Bananas: The Case For Buying Organic

Natural Foods Merchandiser
July 1997

Yes We Have No (Conventional) Bananas:
The Case For Buying Organic

by Mark Mulcahy

A few months ago, I read an excerpt of Wendell Berry's book What Are People For? In it, Berry argues that eating is a political act. The choices we make when buying food make a direct impact on the rest of the world. I believe that "voting with the dollar" is one of the reasons an increasing number of customers shop at natural foods stores.

This should be especially true in the case of conventionally grown and organically grown bananas. Even though they are not grown domestically, bananas are the top selling fruit in the United States. More than 170 million 40-pound boxes of bananas were sold in the United States last year.

Bananas are treated with special care so as not to inflict even the slightest bruise or scar. Unfortunately, bananas scar easily. Point scar, one type of blemish, occurs when the tips of one banana touch another. Other types of scarring are caused by pests, sunburn and stains from plant sap. However, consumers expect their bananas to be perfect looking, blemish-free and most important, inexpensive.

How do conventional growers deliver such bananas? In order to achieve the perfect banana, workers on Central American commercial plantations are often subjected to a toxic soup of herbicides, pesticides and fungicides. To control worms and prevent uprooting losses, farmers apply nematocides. One of the most commonly used nematocide is Aldicarb, a chemical that takes only .9 mg per pound of human weight to be lethal. On hot days, after spreading the red granules on the ground, workers often complain of a terrible smell that causes dizziness and vomiting.

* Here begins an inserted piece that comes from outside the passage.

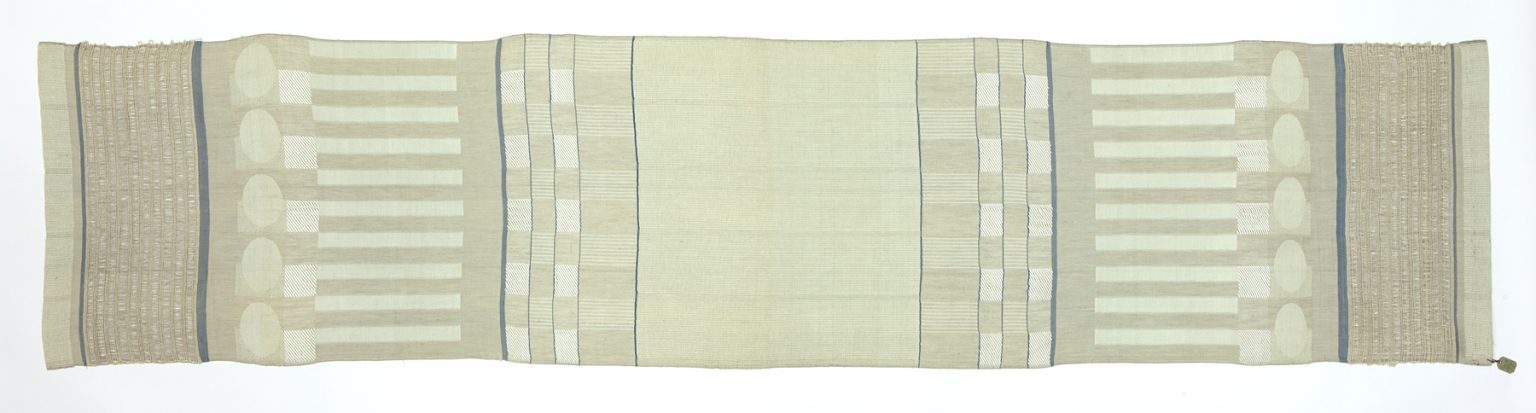 Nach dem Umzug des Bauhauses von Weimar nach Dessau war die Weberei zunächst provisorisch in einem ehemaligen Versandhaus untergebracht, da das neue Werkstattgebäude erst im Oktober 1926 fertiggestellt werden konnte. Gunta Stölzl (1897-1983) wurde dort zuerst als Werkmeisterin verpflichtet und später ab 1927 alleinige Leiterin der Weberei. Die Neue Sammlung erwarb vermutlich bereits im Oktober 1926 die ersten beiden Textilien Stölzls: den hier vorliegenden Wandbehang Nr. 186a und den Läufer Nr. 201 (Inv.-Nr. 366/26). Beide zeichnen sich durch eine reduzierte Farbpalette aus, die auf Weiß-, Grau-, Beige- und Blautöne beschränkt ist. In den Mustern unterscheiden sich die beiden Webarbeiten jedoch auffallend: Den Läufer Nr. 201 dominieren unterschiedlich breite Horizontalstreifen, die zum Teil ineinander versetzt sind, wohingegen der Wandbehang Nr. 186a deutlich abwechslungsreicher gemustert ist. Hier arbeitet Stölzl mit verschieden breiten Querzonen mit horizontalen und vertikalen Streifen, Karo- und Ovalformen, die mit dunkleren unterschiedlich feinen durchgängigen Linien akzentuiert werden.

During ripening on the tree, bananas are covered in blue plastic. The plastic is infused with an insecticide called Chorpyrifos, a chemical the World Health Organization calls hazardous. When workers open the bags to check the bananas, dust particles fly everywhere and workers are subject to inhaling the chemical.

Safety devices such as full-body coveralls, rubber gloves and boots, and respirators are not always supplied or used. Workers must provide their own protection and often do so inadequately. For example, rather than using replaceable charcoal filter respirators, workers often use simple foam masks that actually absorb the chemicals. This may cause the worker to inhale even more toxins.

Health conditions and workplace security on the plantations are dismal, resulting in frequent injuries to workers in addition to the allergic, pulmonary, and cancerous ailments they contract from constant exposure to pesticides.

Workers in packing plants are also exposed to large amounts of pesticides. Freshly harvested bananas are placed in large water tanks to wash off the chemicals. Many workers who handle the bananas in these tanks find their fingernails become discolored and in some instances, actually fall off.

Workers have also become sterile from exposure to DBCP, a pesticide whose effects on the reproductive systems of female workers and mutagenic effects on their children is only beginning to be investigated.

The lack of safety regulations can be directly blamed on the large corporations that control the small landowners and farmers. The corporations, through contracts that work to their benefit, also have avoided giving the workers livable wages and, in effect, denied them decent living conditions. In the last four years, banana workers' wages in Costa Rica have gone from $250 a month to $187 a month, with an increase in their workload from 12 to 18 hours a day.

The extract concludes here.